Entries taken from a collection
----
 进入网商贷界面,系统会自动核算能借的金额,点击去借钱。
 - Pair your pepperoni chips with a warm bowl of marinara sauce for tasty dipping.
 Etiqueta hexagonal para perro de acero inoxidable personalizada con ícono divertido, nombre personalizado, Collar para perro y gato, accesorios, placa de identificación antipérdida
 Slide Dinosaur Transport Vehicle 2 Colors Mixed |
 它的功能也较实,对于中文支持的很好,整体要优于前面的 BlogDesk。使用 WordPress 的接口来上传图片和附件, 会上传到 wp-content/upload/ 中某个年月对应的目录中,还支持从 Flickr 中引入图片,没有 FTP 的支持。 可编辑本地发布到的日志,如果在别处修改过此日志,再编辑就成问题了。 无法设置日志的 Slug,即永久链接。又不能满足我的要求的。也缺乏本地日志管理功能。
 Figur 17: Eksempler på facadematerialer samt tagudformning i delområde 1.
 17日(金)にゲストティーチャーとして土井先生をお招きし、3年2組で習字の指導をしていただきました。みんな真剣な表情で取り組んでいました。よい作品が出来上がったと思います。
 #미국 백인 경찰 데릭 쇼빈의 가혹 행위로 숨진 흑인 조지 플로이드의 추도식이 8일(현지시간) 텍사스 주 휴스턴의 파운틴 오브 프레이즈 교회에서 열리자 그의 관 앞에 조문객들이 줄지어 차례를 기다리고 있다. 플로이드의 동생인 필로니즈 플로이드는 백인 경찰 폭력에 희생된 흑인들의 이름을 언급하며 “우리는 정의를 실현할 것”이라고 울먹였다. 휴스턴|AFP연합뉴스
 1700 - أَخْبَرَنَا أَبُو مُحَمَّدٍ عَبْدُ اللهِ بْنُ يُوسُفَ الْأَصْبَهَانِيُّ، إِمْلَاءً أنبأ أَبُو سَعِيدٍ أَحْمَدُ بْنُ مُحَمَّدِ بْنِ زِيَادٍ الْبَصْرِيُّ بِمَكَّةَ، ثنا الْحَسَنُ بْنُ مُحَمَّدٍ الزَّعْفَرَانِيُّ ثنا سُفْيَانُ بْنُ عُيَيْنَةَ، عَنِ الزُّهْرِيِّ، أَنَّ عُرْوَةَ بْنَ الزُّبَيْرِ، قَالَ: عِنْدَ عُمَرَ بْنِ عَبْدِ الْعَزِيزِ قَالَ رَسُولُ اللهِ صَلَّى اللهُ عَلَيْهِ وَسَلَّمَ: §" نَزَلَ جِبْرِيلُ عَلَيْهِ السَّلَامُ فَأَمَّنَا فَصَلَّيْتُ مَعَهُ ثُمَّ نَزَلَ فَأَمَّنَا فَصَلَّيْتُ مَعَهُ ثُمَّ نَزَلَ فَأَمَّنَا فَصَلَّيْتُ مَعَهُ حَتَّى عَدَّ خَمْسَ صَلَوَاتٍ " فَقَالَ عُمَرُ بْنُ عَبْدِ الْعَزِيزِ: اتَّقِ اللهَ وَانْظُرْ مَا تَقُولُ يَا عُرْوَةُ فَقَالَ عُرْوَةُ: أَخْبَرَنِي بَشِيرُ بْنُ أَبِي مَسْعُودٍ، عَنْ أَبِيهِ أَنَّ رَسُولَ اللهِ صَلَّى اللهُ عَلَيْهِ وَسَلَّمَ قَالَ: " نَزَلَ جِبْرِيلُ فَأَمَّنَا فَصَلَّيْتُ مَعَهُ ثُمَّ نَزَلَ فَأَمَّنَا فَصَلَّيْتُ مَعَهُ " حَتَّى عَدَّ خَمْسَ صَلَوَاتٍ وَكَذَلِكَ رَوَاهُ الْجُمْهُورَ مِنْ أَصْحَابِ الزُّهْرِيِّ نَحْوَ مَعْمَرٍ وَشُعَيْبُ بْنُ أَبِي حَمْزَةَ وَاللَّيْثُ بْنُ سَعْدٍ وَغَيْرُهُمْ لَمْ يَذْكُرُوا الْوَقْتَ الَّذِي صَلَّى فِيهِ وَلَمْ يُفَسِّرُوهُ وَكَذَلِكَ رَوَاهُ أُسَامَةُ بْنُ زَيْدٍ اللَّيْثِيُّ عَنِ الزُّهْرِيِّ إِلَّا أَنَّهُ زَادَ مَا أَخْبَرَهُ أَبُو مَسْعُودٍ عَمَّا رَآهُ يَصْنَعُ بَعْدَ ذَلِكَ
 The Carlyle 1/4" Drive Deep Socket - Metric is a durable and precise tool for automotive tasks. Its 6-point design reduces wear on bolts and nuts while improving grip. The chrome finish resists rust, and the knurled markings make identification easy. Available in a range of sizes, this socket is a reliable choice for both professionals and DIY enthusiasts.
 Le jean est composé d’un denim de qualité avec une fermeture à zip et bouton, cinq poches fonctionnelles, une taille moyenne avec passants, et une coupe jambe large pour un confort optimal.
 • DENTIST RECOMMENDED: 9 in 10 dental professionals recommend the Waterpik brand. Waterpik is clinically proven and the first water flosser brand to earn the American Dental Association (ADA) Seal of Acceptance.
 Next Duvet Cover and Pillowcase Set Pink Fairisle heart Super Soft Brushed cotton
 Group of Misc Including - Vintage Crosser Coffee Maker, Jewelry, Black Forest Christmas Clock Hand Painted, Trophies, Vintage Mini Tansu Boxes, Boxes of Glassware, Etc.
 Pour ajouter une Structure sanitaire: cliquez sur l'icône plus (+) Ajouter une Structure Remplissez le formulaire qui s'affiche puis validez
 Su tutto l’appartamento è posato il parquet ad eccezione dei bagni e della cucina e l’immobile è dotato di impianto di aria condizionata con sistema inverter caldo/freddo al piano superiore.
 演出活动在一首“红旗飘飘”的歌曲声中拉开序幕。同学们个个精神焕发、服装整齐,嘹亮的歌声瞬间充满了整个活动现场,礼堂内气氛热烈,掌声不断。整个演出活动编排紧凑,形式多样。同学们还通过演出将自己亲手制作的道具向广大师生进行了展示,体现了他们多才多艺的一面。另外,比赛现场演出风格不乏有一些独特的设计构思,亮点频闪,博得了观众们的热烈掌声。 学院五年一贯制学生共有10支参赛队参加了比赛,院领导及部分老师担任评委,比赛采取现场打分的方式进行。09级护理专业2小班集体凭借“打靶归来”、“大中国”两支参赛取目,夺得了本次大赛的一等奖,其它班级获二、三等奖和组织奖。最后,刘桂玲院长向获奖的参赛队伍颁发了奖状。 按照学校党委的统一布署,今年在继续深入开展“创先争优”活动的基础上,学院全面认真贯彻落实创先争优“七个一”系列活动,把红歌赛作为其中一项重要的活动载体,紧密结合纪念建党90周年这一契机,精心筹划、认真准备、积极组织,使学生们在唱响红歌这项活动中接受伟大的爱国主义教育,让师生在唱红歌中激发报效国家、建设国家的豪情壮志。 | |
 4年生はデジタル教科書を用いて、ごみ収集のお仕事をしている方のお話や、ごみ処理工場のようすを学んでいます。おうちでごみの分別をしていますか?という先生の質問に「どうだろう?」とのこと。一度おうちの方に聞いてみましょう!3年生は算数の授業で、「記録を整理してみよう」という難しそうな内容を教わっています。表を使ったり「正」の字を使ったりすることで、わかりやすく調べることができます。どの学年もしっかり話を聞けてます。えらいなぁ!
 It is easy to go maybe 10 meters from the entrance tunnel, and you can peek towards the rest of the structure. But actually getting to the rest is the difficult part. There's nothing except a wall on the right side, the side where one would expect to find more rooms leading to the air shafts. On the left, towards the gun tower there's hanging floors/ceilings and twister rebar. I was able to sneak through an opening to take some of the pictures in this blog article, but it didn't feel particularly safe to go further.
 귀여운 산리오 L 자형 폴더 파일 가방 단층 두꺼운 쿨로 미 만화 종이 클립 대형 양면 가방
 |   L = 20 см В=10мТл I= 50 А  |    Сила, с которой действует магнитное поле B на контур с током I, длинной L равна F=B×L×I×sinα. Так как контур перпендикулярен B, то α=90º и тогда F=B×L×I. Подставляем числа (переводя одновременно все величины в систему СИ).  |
----
Retype the records above, but only those lines that fall between the line containing "Group of Misc" and the line containing "4年生はデジタル教科書を用い", with both of those lines included, exactly as written.

 Group of Misc Including - Vintage Crosser Coffee Maker, Jewelry, Black Forest Christmas Clock Hand Painted, Trophies, Vintage Mini Tansu Boxes, Boxes of Glassware, Etc.
 Pour ajouter une Structure sanitaire: cliquez sur l'icône plus (+) Ajouter une Structure Remplissez le formulaire qui s'affiche puis validez
 Su tutto l’appartamento è posato il parquet ad eccezione dei bagni e della cucina e l’immobile è dotato di impianto di aria condizionata con sistema inverter caldo/freddo al piano superiore.
 演出活动在一首“红旗飘飘”的歌曲声中拉开序幕。同学们个个精神焕发、服装整齐,嘹亮的歌声瞬间充满了整个活动现场,礼堂内气氛热烈,掌声不断。整个演出活动编排紧凑,形式多样。同学们还通过演出将自己亲手制作的道具向广大师生进行了展示,体现了他们多才多艺的一面。另外,比赛现场演出风格不乏有一些独特的设计构思,亮点频闪,博得了观众们的热烈掌声。 学院五年一贯制学生共有10支参赛队参加了比赛,院领导及部分老师担任评委,比赛采取现场打分的方式进行。09级护理专业2小班集体凭借“打靶归来”、“大中国”两支参赛取目,夺得了本次大赛的一等奖,其它班级获二、三等奖和组织奖。最后,刘桂玲院长向获奖的参赛队伍颁发了奖状。 按照学校党委的统一布署,今年在继续深入开展“创先争优”活动的基础上,学院全面认真贯彻落实创先争优“七个一”系列活动,把红歌赛作为其中一项重要的活动载体,紧密结合纪念建党90周年这一契机,精心筹划、认真准备、积极组织,使学生们在唱响红歌这项活动中接受伟大的爱国主义教育,让师生在唱红歌中激发报效国家、建设国家的豪情壮志。 | |
 4年生はデジタル教科書を用いて、ごみ収集のお仕事をしている方のお話や、ごみ処理工場のようすを学んでいます。おうちでごみの分別をしていますか?という先生の質問に「どうだろう?」とのこと。一度おうちの方に聞いてみましょう!3年生は算数の授業で、「記録を整理してみよう」という難しそうな内容を教わっています。表を使ったり「正」の字を使ったりすることで、わかりやすく調べることができます。どの学年もしっかり話を聞けてます。えらいなぁ!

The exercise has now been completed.